CVE-2023-47248 – PyArrow Arbitrary Code Execution Vulnerability: A Critical Threat to Data Analysts
Apache Arrow is a popular data processing framework used by data scientists and engineers around the world. It provides a high-performance columnar memory format for storing and processing data, and it has first-class integration with NumPy, pandas, and other popular Python libraries.
However, a recently discovered vulnerability in PyArrow, the Python bindings for Apache Arrow, could allow attackers to execute arbitrary code on vulnerable systems. This vulnerability, CVE-2023-47248, has been rated as critical by the Common Vulnerabilities and Exposures (CVE) database.
The vulnerability exists in the way that PyArrow deserializes untrusted data. When PyArrow reads Arrow IPC, Feather, or Parquet data from an untrusted source, such as a user-supplied input file, it could be tricked into executing malicious code.

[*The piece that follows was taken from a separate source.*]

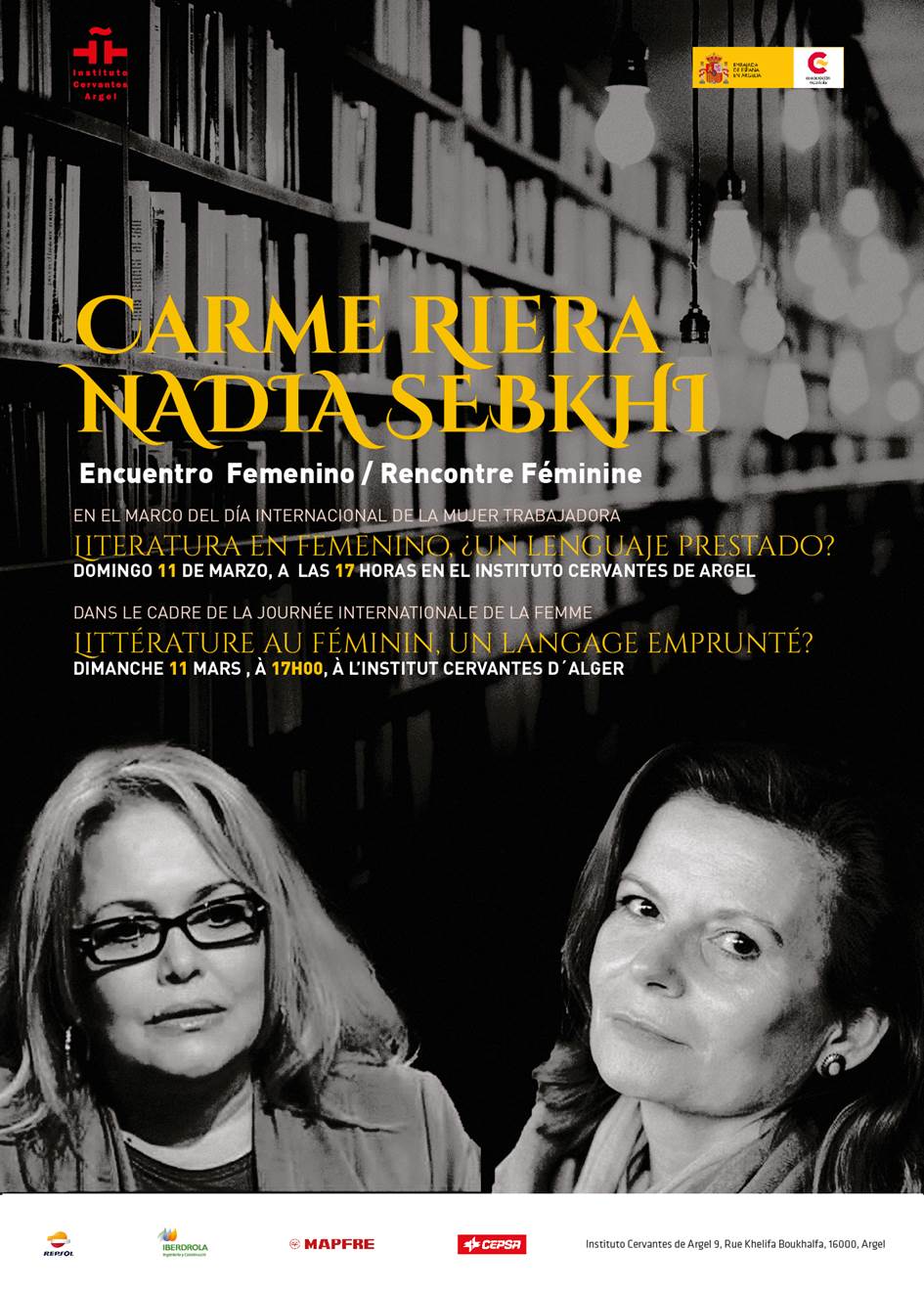 A l'occasion de la célébration de la Journée Internationale de la Femme, l’Ambassade d’Espagne et l’Institut Cervantès d’Alger, vous convient à la conférence intitulée " Littérature au féminin" et animée par Carme Riera et Nadia Sebkhi.

This vulnerability is particularly concerning for data scientists, who often work with data from untrusted sources. For example, data scientists may need to analyze data from public datasets or data that is provided by external collaborators.
If an attacker can exploit this vulnerability, they could potentially gain full control of a vulnerable system. This could allow them to steal data, install malware, or launch other attacks.
The CVE-2023-47248 flaw lies within the deserialization process of IPC and Parquet readers in PyArrow versions 0.14.0 to 14.0.0. In simple terms, if an application using PyArrow processes a maliciously crafted data file from an untrusted source, it could allow an attacker to run arbitrary code on the system where the application is executed.
If you are using PyArrow, it is important to upgrade to version 14.0.1 as soon as possible. This patch fixes the vulnerability.
If you cannot upgrade to PyArrow 14.0.1, you can use the pyarrow-hotfix package to disable the vulnerability on older versions of PyArrow. However, this is not a permanent solution, and you should upgrade to PyArrow 14.0.1 as soon as possible.